You feed one of the lowest grade dog foods on the market today and you want people to take you seriously ??? Your a joke. Your sentence structure proves that you are not very educated. Vets DO NOT spend much time on nutrition and MOST know waaay less than I do. Like most anything in life you get what you pay for, so if you feed cheap dog food thats what your gonna get, a cheap dog food. You are oh so wrong, raw diets are great for dogs, but you are correct in the fact most people feeding raw have no idea what they are doing. Your thinking abour protein is old school, so you must be listening to a dumb A** VET. IF PROTIEN GOMES FROM A MEAT SOURCE IT IS GREAT FOR DOGS. Now if comes from plant matter like you feed, it is really bad for them. Here is what you feed and lets break it down...
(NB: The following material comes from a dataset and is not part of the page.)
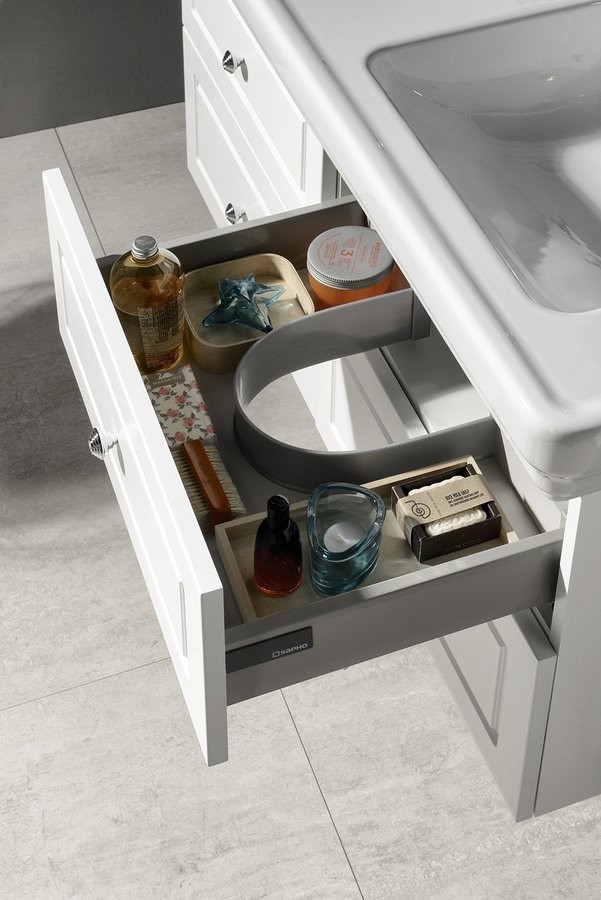 Nábytok je vybavený pojazdy zásuviek s pomalým dojazdom a systémom automatického dovretí zásuviek. Už žiadne hlučné zatváranie.

1. Corn meal,,, is the maim ingredient in this food and corn meal is one of the lowest grades of corn on the market today. I believe their are 18 different types of corn grown in the US today and you do not see the corn you are thinking about, put in dog food. Corn meal also contains the nob which is toxic to dogs and is the reason so many dogs throw up on these types of foods.
2. Chicken by-product meal, it is in fact the lowest grade of chicken you can get and contains ZERO glucosamine and how they get away with lying is boggling to the mind. It goes De-boned chicken ,chicken, chicken meal, chicken by-product and of course Chicken by-product meal bringing up the end.
3. YAAA finaly chicken
4. Ground Whole Grain Sorghum, this is as close to posion as you can get and dogs get nothing fron this. It includes everything ground up, get it, everything!!!!...
5. Ground Whole Grain Barley this another ingredient dogs get nothing from, but this is the lowest grade barley you can buy.
6. Dried beet pulp, do you know what this is?? It's whats left over after they take everthing out, to include ALL the nutrients.

Corn Meal, Chicken By-Product Meal (Natural source of Glucosamine), Chicken, Ground Whole Grain Sorghum, Ground Whole Grain Barley, Dried Beet Pulp, Dried Egg Product, Chicken Fat (preserved with mixed Tocopherols, a source of Vitamin E), Chicken Flavor, Potassium Chloride, Brewers Dried Yeast, Salt, Flax Meal, Calcium Carbonate, Vitamins (Vitamin E Supplement, Beta-Carotene, Ascorbic Acid, Vitamin A Acetate, Calcium Pantothenate, Biotin, Vitamin B12 Supplement, Thiamine Mononitrate (source of vitamin B1), Niacin, Riboflavin Supplement (source of vitamin B2), Inositol, Pyridoxine Hydrochloride (source of vitamin B6), Vitamin D3 Supplement,Folic Acid), Sodium Hexametaphosphate, Fish Oil (preserved with mixed Tocopherols, a source of Vitamin E), Caramel, Minerals (Ferrous Sulfate, Zinc Oxide, Manganese Sulfate, Copper Sulfate, Manganous Oxide, Potassium Iodide, Cobalt Carbonate), Choline Chloride, Dried Chicken Cartilage (Natural source of Glucosamine), DL-Methionine, L-Tryptophan, L-Carnitine, Rosemary Extract.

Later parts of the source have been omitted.